Cartoon Show Explores The Human Struggle

Season five of BoJack Horseman was released on Netflix on Sept. 14 and it has proven itself to be both the most hilarious and depressing season. Socially, BoJack Horseman has taken strides in satirizing Hollywood power dynamics, gratuitous sexualization and public reactions to celebrity faults. From animal-based puns, alliterations and quick rhyming schemes to dark humor and a glimpse into the life of a self-medicating depressive, this remarkably self-aware show promises to have viewers waver between laughter and self-reflection.

BoJack’s departure from sanity begins with a vodka bottle divided into sevenths and ends with a harrowing journey to rehab, but his journey throughout the season is one that any addict would find all-too-familiar. It begins with self-medicating and the belief that one is still in control and only comes to a turning point after a realization that things are far from ‘in control.’ The notion of “just one more” and the rationalization of destructive behavior are not unique to drug addiction; these are universal urges, and BoJack’s self-analysis throughout the show forces viewers to take a sobering look at their own lives. BoJack consistently confronts harsh truths from his past, and this guilt is what motivates his current actions.

BoJack isn’t the only character with a riveting arc this season. Princess Carolyn deals with the competing desires to continue a successful career and embark on single motherhood, as well the corresponding insecurities of any parent-to-be. Todd confronts his asexuality and life direction, albeit through a secondary motivator. Diane struggles with personal identity, travelling across the world in an attempt to reconnect with family history she finds absent at home, but only to feel like another tourist in the end. 
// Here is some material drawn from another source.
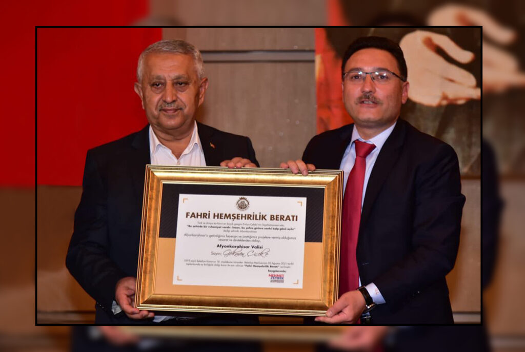 “steimiz daha uzun yllar Afyon’da kalmas, hizmetlerinin devam etmesiydi. Biz kendisini hiçbir zaman unutmayacaz. Kendimizden farkl görmeyerek Belediye Meclisimizden aldmz kararla Fahri hemehrilik berat verdik. Sayn Valimiz artk bir Afyonlu, bizim hemehrimiz. Afyonlular olarak böyle bir deerin ehrimizden ayrlmasndan dolay üzgünüz, kendisi için ise ümitliyiz. Cenab- Hak yolunu bahtn açk etsin” diye konutu.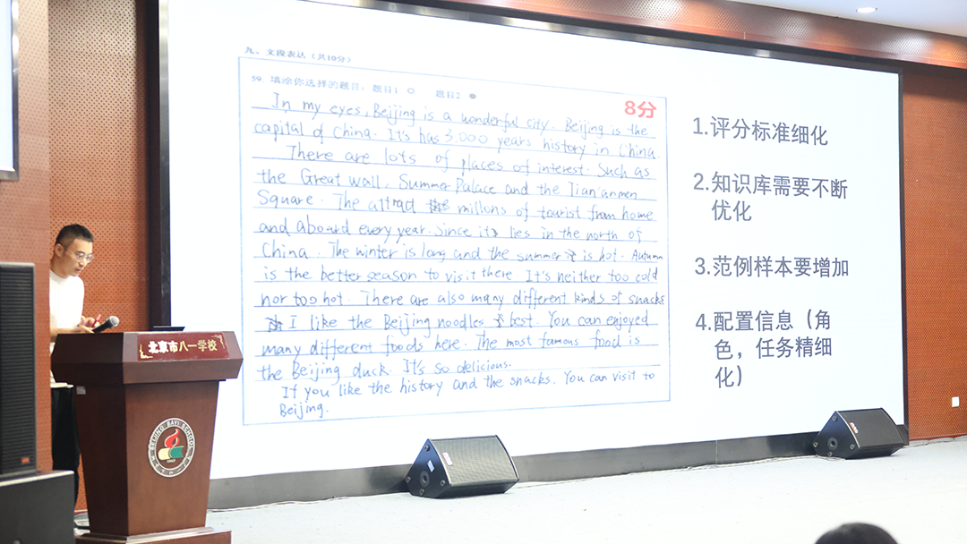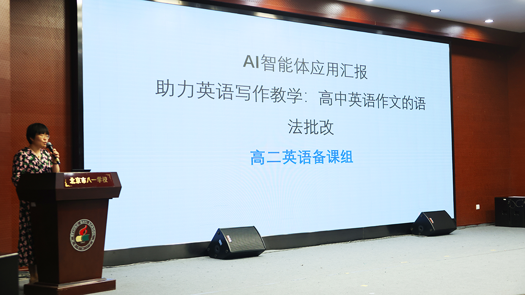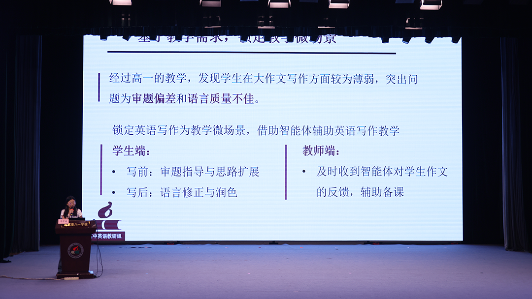 高中英语组郭梦媛老师带来的 “高中写作评改智能体” 则聚焦高中英语写作痛点,不仅能识别语法和拼写错误,更能深入分析句式的多样性和文章的逻辑结构等并提供具体反馈,实现学生写前审题指导+写中修改完善+写后人机、师生、生生互评的微教学场景,为学生写作能力的进阶提供了强有力的智能辅助。

Comedically, the show is packed with puns, niche references (“Quack DeMarco”, “…while a Leonard Cohen song plays”), misdirection, witty one-liners (“I’m as deep in contractions as apostrophes”) and slapstick humor. Todd’s character provides levity from the graveness of BoJack’s scenes, being inept and gullible. Mr. Peanutbutter offers continuous popculture digs, with a persistent format that reinforces his annoyingly optimistic persona. One notably comedic addition to season five was the deconstruction of television tropes via a television show, revealing their hollowness, and allowing viewers to laugh at their folly.

At its core, BoJack Horseman is a show that addresses humanity, in an entertaining fashion, but it offers something distinct from other television shows. It offers something raw and gritty — something that isn’t just a half hour break from day-to-day life. BoJack creates a seriousness that lingers with the viewer far longer than the duration of the episode.